■ **What is required**: The answer should hold only the lines from the beginning of the material through the one with "Used Conn 88H", reproduced exactly and without pictures.

■ **Extracted records**:
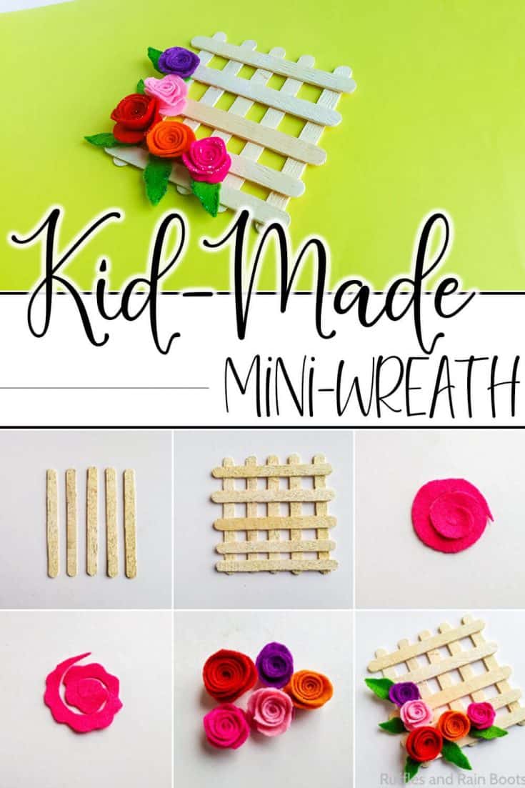 This popsicle stick mini wreath kids craft is so fun and only took a few minutes! Plus, it makes a fun decoration with the little rolled felt roses and all.
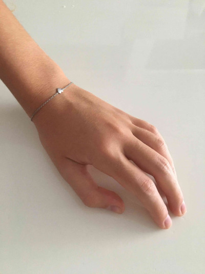 Заказывала дочери 10ти лет. на ручке очень аккуратно смотрится! сердечко не перекручивается. Носит не снимает, он совершенно не мешает и не ощущается!
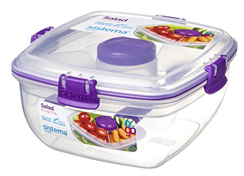 Sistema To Go Collection Salad to Go Food Storage Container, 37 Ounce/ 4.6 Cup, Clear with Assorted Color Accents
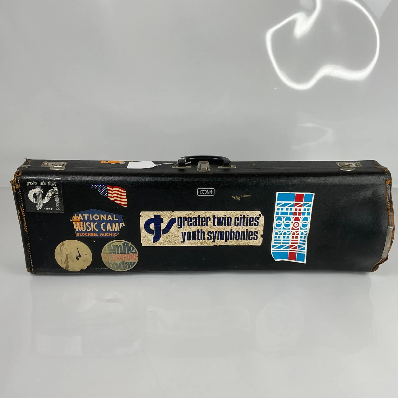 Used Conn 88H Bb tenor trombone in lacquer finish, manufactured in Elkhart, Indiana, ca. 1967. Features include a .547″ rose brass handslide and 8.5″ rose brass bell flare. Instrument is in good condition for its age apart from surface scratching, some lacquer wear, and some minor dings throughout. Includes original case.
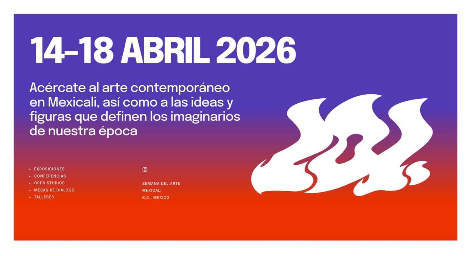 “El programa de actividades de la Semana del Artes en Mexicali está diseñado para compartir experiencias, conceptos y herramientas que estimulen la apreciación del arte actual y pensamiento crítico sobre la cultura contemporánea. Si bien el enfoque de las actividades es la escena artística mexicalense, el programa también invita a reconocidos creadores del estado, del país y del exterior a participar. Su participación involucra exponer ideas que enriquezcan las perspectivas culturales en la región, seguramente detonando conversaciones —a corto y largo plazo— sobre arte, vida y sociedad”, emitieron los organizadores.
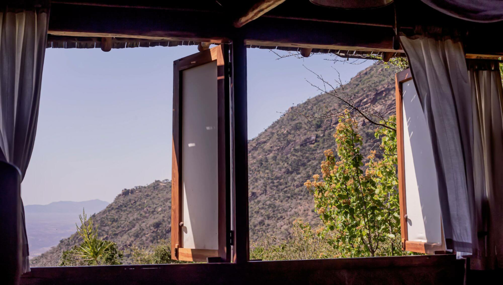 Die meisten Besucher kommen mit einem Hubschrauber hierher. Von der Landebahn fährt man mit einem Allradwagen vorbei an einem einsamen Dorf und entlang einer schwindelerregenden Straße, die immer wieder unglaubliche Blicke auf die fantastische Landschaft bietet. Vor der Lodge öffnet sich eine große grüne Wiese mit fabelhaftem Blick auf die steilen Berghänge des Mount Nyiru. Vom auf der Rückseite gelegenen Beobachtungsdeck blickt man auf die imposante Gipfelkulisse des Berges mit seinen üppig bewachsenen Felsen aus Kalkstein.
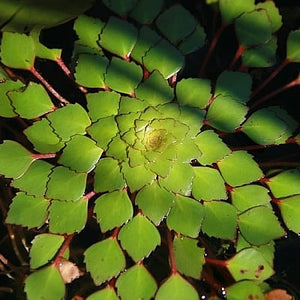 Its unique appearance is what has led to its worldwide popularity as a garden pond and bog plant. The leaves of mosaic plant whorl outward in a circular basal rosette that floats atop the water’s surface, with each diamond-shaped leaf resembling a tiny, intricate tile within a mosaic pattern. To further this likeness, when in full sun the leaves will go from being entirely green to having deeply red-tinted edges, as though painted. Some of the leaves toward the outside of the rosette may turn entirely red.
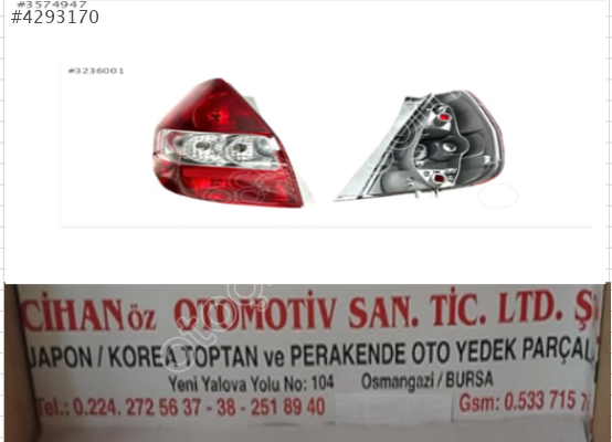 CİHANÖZ OTOMOTİV BURSA JAPON / KOREA MEKANİK-KAPORTA OTO YEDEK PARÇA
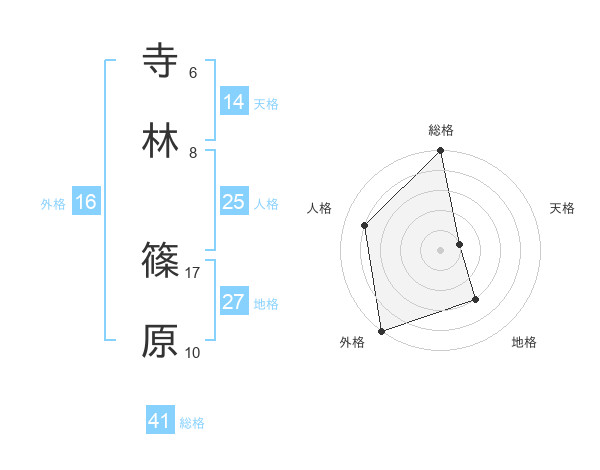 寺林 篠原さんの総格は41画の5点!
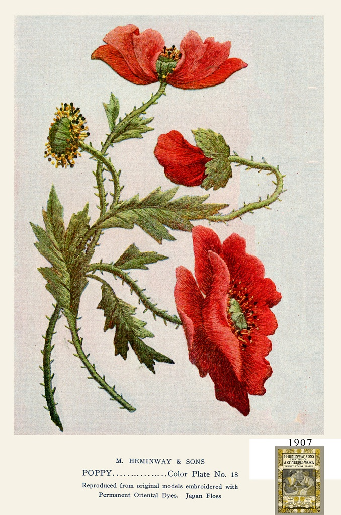 МАКИ от Heminway & sons, сейчас почти нет информации об этой когда-то знаменитой компании, образованной в середине 19 в, производившей нити из натурального шелка для вышивки гладью.
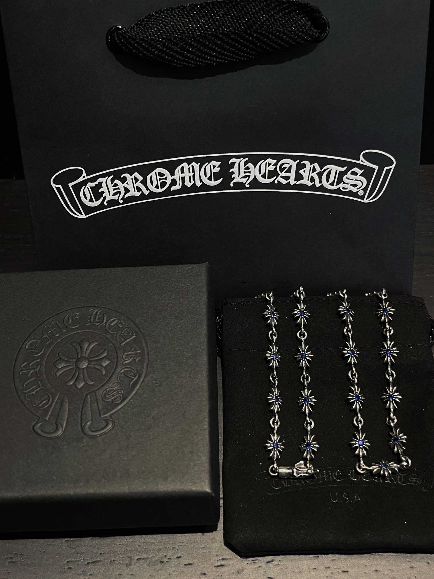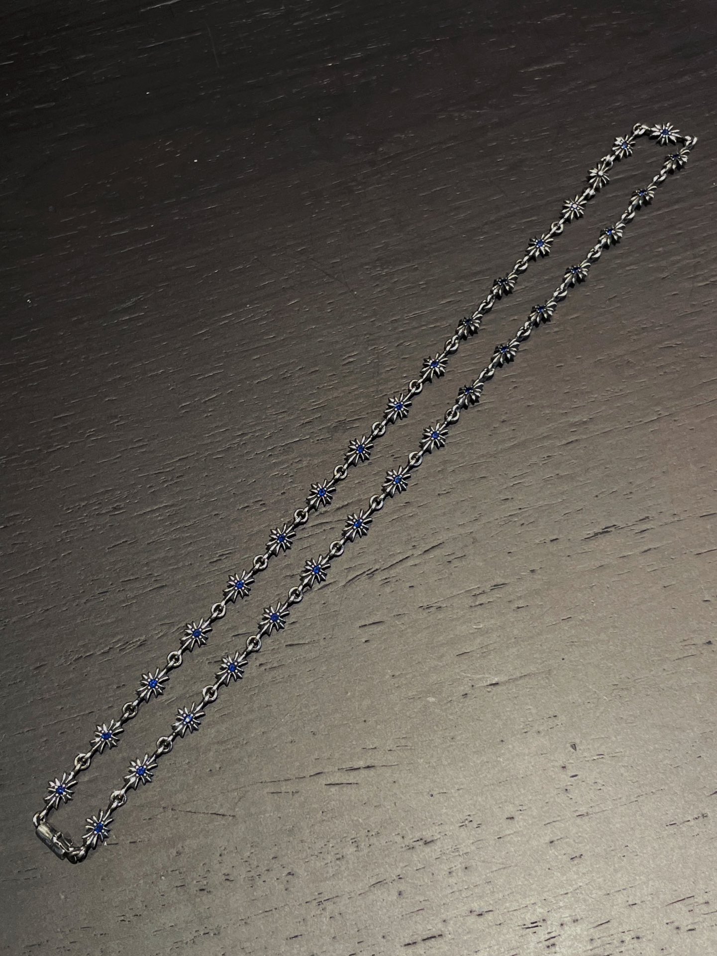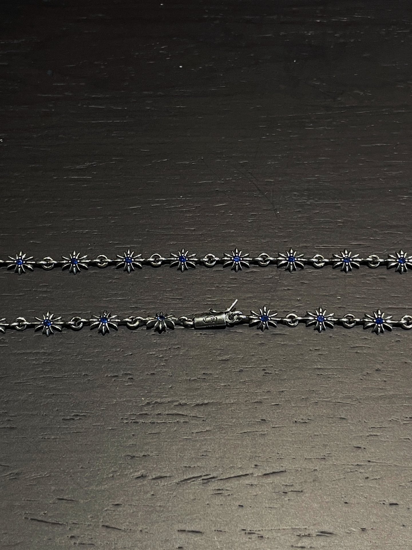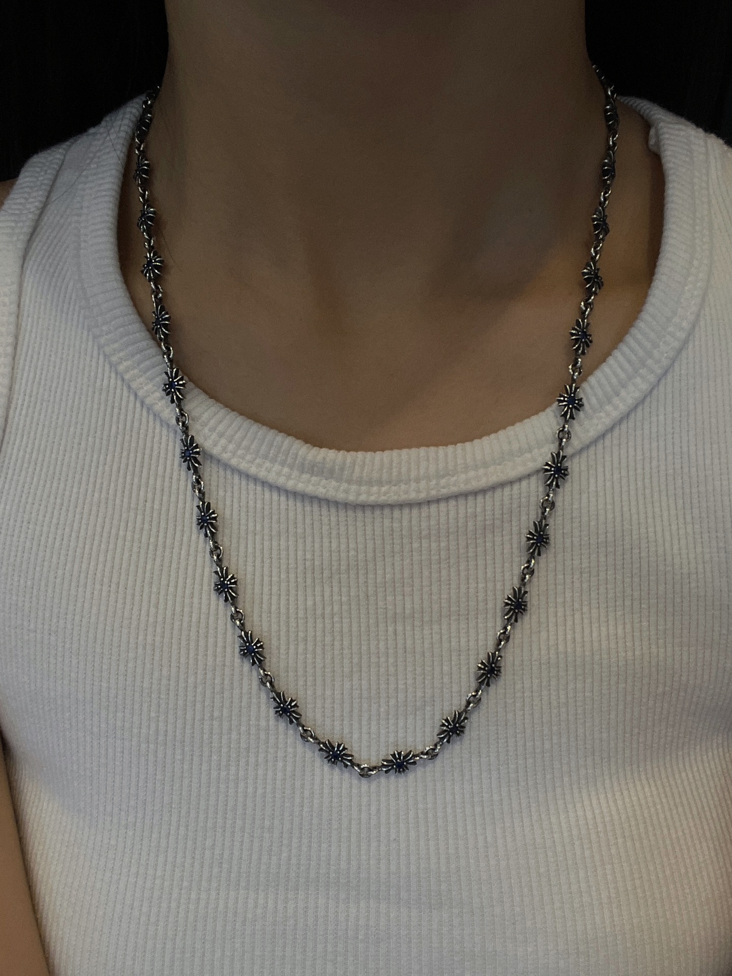 克罗心 满镶蓝钻十字链 纯银材质 复古做旧 蓝钻 时尚搭配 size:55cm 编码:200840

■ **Answer to this task**:
 This popsicle stick mini wreath kids craft is so fun and only took a few minutes! Plus, it makes a fun decoration with the little rolled felt roses and all.
 Заказывала дочери 10ти лет. на ручке очень аккуратно смотрится! сердечко не перекручивается. Носит не снимает, он совершенно не мешает и не ощущается!
 Sistema To Go Collection Salad to Go Food Storage Container, 37 Ounce/ 4.6 Cup, Clear with Assorted Color Accents
 Used Conn 88H Bb tenor trombone in lacquer finish, manufactured in Elkhart, Indiana, ca. 1967. Features include a .547″ rose brass handslide and 8.5″ rose brass bell flare. Instrument is in good condition for its age apart from surface scratching, some lacquer wear, and some minor dings throughout. Includes original case.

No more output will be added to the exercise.